### [What the exercise asks]
Repeat exactly the lines of the entries below from the one with "將婚紗照拆包、噴漆、丟進撕碎" through the one with "Održavanje stvari čistim", both ends included, and nothing else.

### [The data]
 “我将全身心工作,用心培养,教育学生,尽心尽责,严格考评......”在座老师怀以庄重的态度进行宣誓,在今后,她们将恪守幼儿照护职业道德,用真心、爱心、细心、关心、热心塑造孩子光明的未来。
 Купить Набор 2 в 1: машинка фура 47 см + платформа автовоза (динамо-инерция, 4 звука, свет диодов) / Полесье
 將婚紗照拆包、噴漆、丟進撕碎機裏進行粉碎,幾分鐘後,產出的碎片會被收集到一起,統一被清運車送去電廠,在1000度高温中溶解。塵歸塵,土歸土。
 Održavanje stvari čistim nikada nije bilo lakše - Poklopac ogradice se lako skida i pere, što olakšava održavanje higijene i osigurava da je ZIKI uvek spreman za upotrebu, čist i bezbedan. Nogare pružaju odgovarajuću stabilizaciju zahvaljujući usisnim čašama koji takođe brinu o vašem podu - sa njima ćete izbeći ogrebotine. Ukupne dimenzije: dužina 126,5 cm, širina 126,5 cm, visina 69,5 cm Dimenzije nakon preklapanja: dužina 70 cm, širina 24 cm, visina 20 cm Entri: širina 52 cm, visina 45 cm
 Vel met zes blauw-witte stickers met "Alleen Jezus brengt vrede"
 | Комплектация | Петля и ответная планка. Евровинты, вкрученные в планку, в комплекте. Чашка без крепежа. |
==
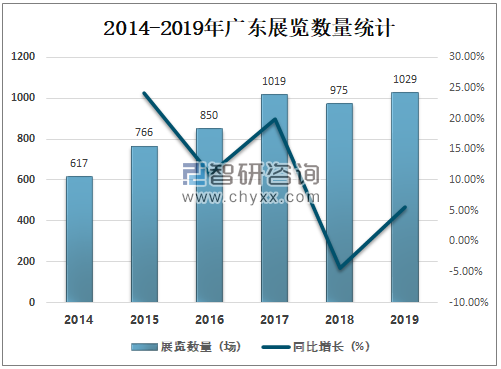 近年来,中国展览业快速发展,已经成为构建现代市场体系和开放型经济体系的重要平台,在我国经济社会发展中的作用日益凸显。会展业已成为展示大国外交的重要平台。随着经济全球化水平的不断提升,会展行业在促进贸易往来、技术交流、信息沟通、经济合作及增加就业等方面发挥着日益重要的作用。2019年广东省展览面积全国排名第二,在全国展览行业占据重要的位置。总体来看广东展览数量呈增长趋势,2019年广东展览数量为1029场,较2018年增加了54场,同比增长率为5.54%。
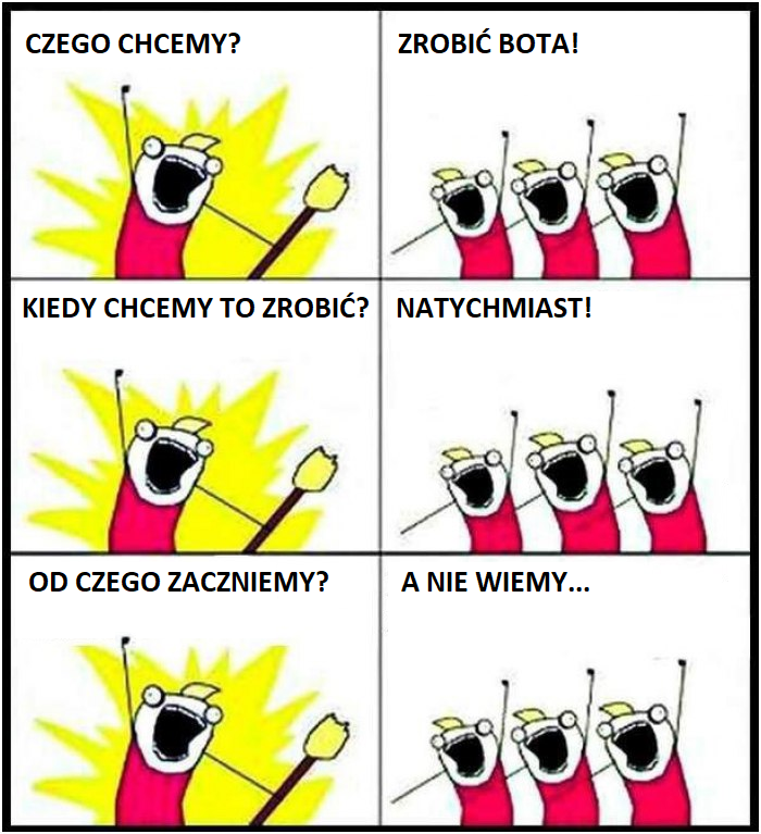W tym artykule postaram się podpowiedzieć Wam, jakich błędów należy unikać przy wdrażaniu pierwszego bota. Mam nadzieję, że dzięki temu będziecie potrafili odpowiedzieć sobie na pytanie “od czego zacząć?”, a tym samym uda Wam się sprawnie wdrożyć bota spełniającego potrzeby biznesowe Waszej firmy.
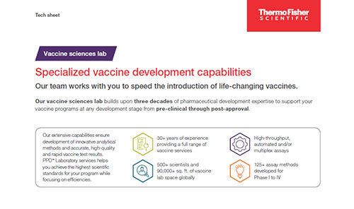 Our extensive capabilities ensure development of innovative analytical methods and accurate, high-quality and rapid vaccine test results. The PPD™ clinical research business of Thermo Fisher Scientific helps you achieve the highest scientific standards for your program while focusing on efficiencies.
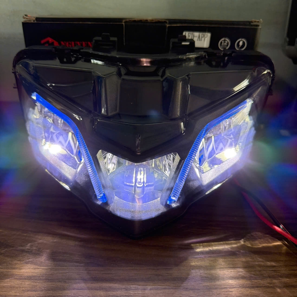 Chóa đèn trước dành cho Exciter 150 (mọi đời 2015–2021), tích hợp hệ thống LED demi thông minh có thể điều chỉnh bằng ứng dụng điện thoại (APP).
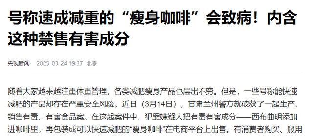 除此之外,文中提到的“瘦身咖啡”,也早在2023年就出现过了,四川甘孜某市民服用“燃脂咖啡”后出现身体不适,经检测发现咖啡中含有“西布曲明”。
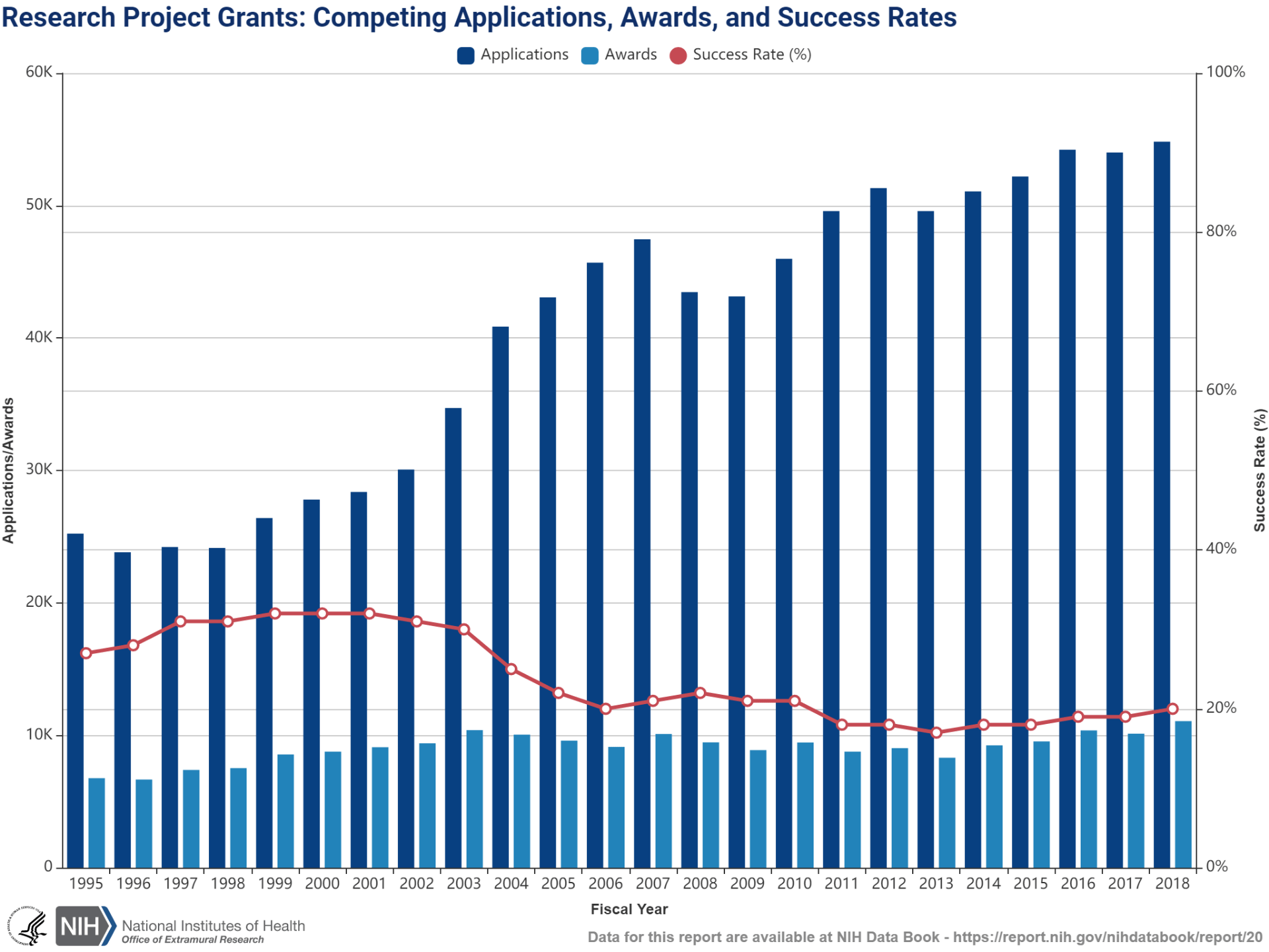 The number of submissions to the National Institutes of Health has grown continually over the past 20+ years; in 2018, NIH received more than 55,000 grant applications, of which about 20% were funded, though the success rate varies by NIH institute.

### [Task result]
 將婚紗照拆包、噴漆、丟進撕碎機裏進行粉碎,幾分鐘後,產出的碎片會被收集到一起,統一被清運車送去電廠,在1000度高温中溶解。塵歸塵,土歸土。
 Održavanje stvari čistim nikada nije bilo lakše - Poklopac ogradice se lako skida i pere, što olakšava održavanje higijene i osigurava da je ZIKI uvek spreman za upotrebu, čist i bezbedan. Nogare pružaju odgovarajuću stabilizaciju zahvaljujući usisnim čašama koji takođe brinu o vašem podu - sa njima ćete izbeći ogrebotine. Ukupne dimenzije: dužina 126,5 cm, širina 126,5 cm, visina 69,5 cm Dimenzije nakon preklapanja: dužina 70 cm, širina 24 cm, visina 20 cm Entri: širina 52 cm, visina 45 cm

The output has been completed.